Como relatam Fortunato de Souza e o diretor da Anion MacDermid, Airi Zanini, ambos ex-presidentes da Associação Brasileira de Tratamento de Superfície (ABTS), desde meados de 2011, nota-se uma estagnação nas encomendas, principalmente na indústria automotiva e nos itens voltados para o lar, como chuveiros e torneiras cromadas. São dois os fatores determinantes neste processo. O primeiro é que o próprio consumo brasileiro de carros e imóveis já não se expande no mesmo ritmo. O segundo fator, e mais importante, é o crescimento da importação de autopeças, veículos e outros produtos prontos, diminuindo as atividades da indústria brasileira e, consequentemente, a demanda por tratamentos químicos de superfície.

Os investimentos das empresas de processos químicos, porém, não estão parados. Ampliações, aquisições, parcerias e lançamentos de novos produtos estão na ordem do dia. O pano de fundo para os movimentos estratégicos, avalia Fortunato de Souza, é a percepção de que o número de players relevantes no mercado brasileiro deve se estreitar. “Hoje temos umas 70 empresas atuantes e, destas, as dez maiores dominam entre 60% e 70% dos negócios. Em cinco anos, serão umas 50 empresas, sendo entre cinco e oito realmente relevantes”, acredita o executivo. A pressão sobre o mercado brasileiro só tem aumentado com a retração de mercados importantes, como o europeu e o japonês, e a lenta recuperação americana. “Uma prova disso é que temos 27 expositores estrangeiros no Ebrats, nunca tivemos tantos”, diz.

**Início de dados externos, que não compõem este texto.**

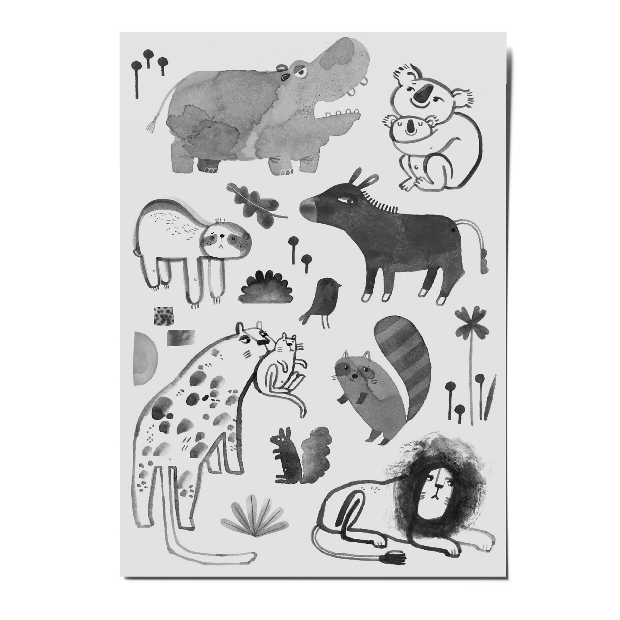Frau Nilpferd und ihre Freunde kommen im schwarzen Aquarell-Look.

Química e Derivados, Douglas Fortunato de Souza, coordenador geral do XIV Encontro Brasileiro de Tratamento de Superfícies
Souza: pressão mundial sobre o mercado local é crescente

Parcerias e aquisições – A Itamarati, empresa de Fortunato de Souza, é um exemplo desta tendência. Uma das poucas empresas brasileiras entre as principais no mercado local, a companhia fechou duas parcerias nos últimos anos, com a americana Haviland e com a alemã HSO. Dos alemães, a Itamarati trouxe para o Brasil uma linha de galvanização para plásticos ABS que passou a representar 10% do faturamento da empresa. Com a Haviland, a Itamarati teve acesso à tecnologia de zinco trivalente, que gera menor impacto ambiental que a tecnologia hexavalente utilizada anteriormente. Os banhos com cromo trivalente, por gerarem um menor custo de tratamento dos efluentes e também um menor risco à saúde humana, há muito tempo são predominantes nos principais mercados globais. No Brasil, onde os hexavalentes ditavam o mercado há cinco anos, os trivalentes ganharam força nos últimos anos e já prevalecem nos processos. “Com estas parcerias, hoje temos uma linha de produtos de ponta, que compete em iguais condições com as multinacionais que estão aqui”, diz Souza.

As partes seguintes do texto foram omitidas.